Graph Lakehouse Architecture

Graph Lakehouse uses massively parallel processing (MPP) to perform analytic operations on graph data conforming to RDF and RDF* standards. You can scale Graph Lakehouse to run in environments ranging from a single server to multiple servers in a cluster, in either on-premises or cloud environments.

Though all servers in an Graph Lakehouse cluster store the system metadata and have the ability to perform leader operations, one server acts as the leader for the cluster. All client applications should connect to this server.
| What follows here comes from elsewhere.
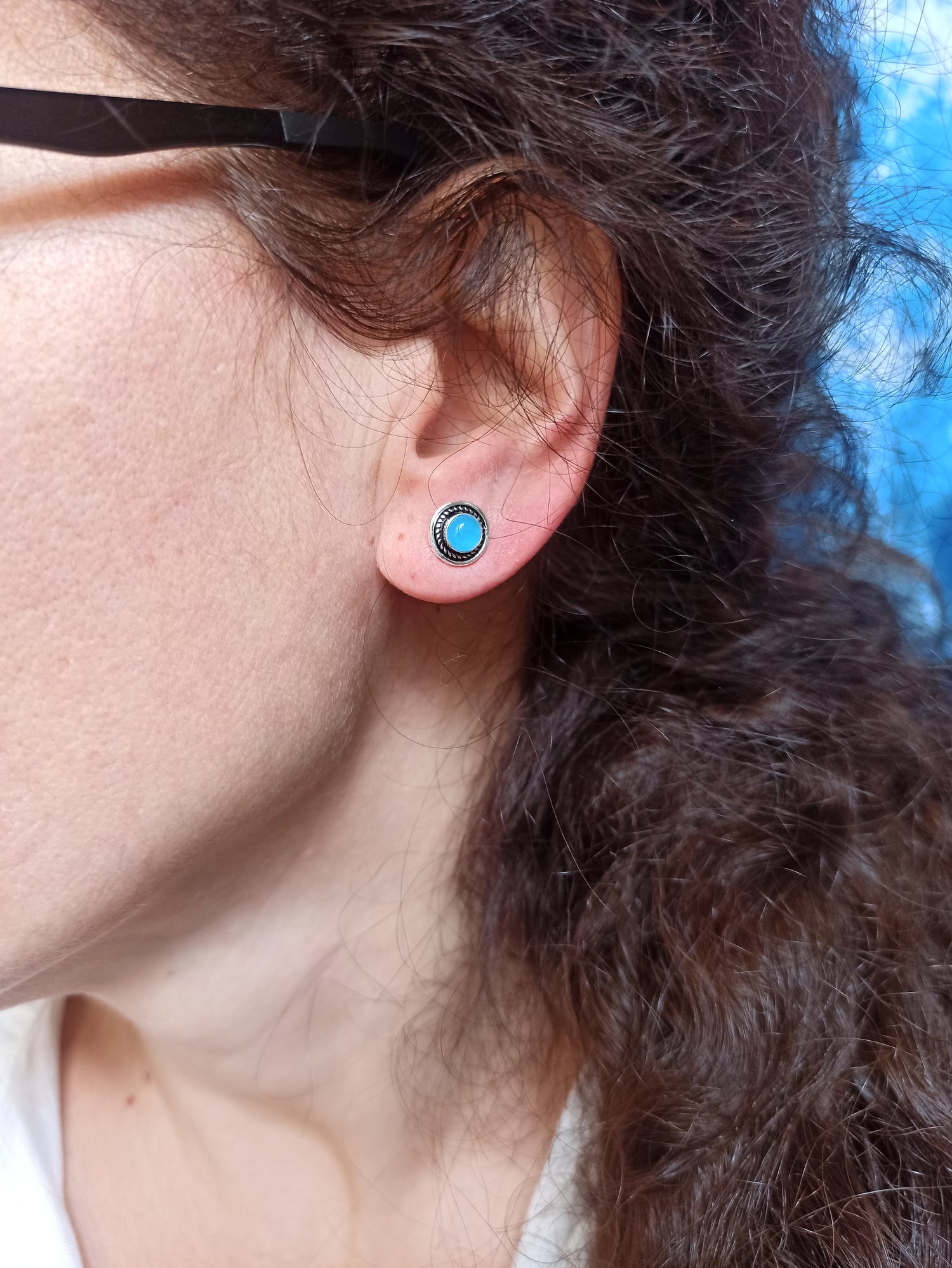 Boho style earrings in hypoallergenic silver-plated brass with chalcedony-like insert.

In-Memory Data Storage Architecture

To provide the highest performance possible, Graph Lakehouse stores all graph data and performs all analytic operations entirely in memory. At startup, Graph Lakehouse sets the number of shards (called "slices" in Graph Lakehouse) per node to the number of cores on a single server. To utilize massively parallel processing of queries, Graph Lakehouse distributes (as evenly as possible) the data into memory across all of the slices. When data is loaded, Graph Lakehouse hashes on subjects to determine how the data is distributed. Distributing on subject allows the database to avoid distributing data over the network under certain conditions. Every slice contains several blocks that store the triples.
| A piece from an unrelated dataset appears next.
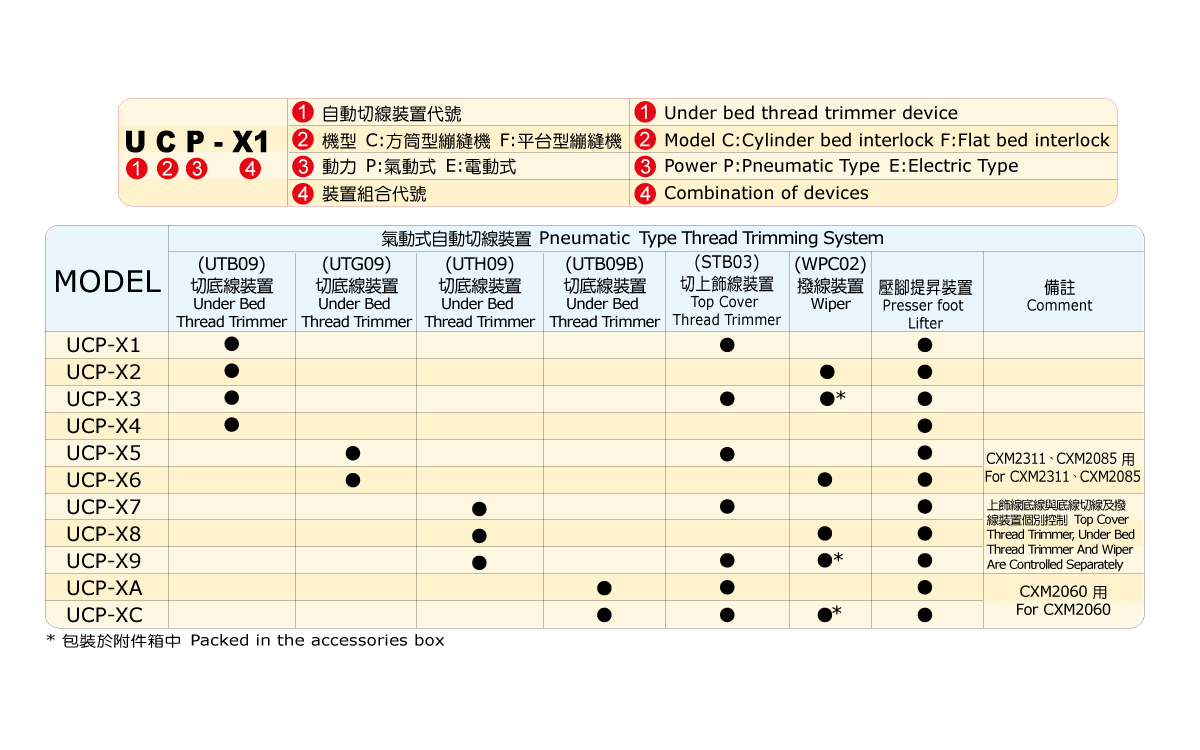 Suitable for all CXM2000 series machines, but only supply together with machine head.

When installed in a cluster, Graph Lakehouse requires that all servers provide the same equivalent hardware and quality of service.

Leader and Query Processing

When an application sends a request, the leader node dedicates a thread to process the request. All other threads remain ready for subsequent requests. The leader routes the query through parsing and planning. The planner determines the steps that the query requires, for example, whether a hash join, merge join, or an aggregation step is needed. The planner passes the final query plan to the code generator, which assembles the groups of steps into segments. The code generator then packages all of the segments for the query into a stream. The leader sends the stream to all of the nodes in the cluster and to its own slices. The nodes process the stream in parallel; each node dedicates a thread to process each segment. The nodes then return the results to the leader to send to the application.

For information about server requirements and recommendations, see Planning and Deployment Guidelines.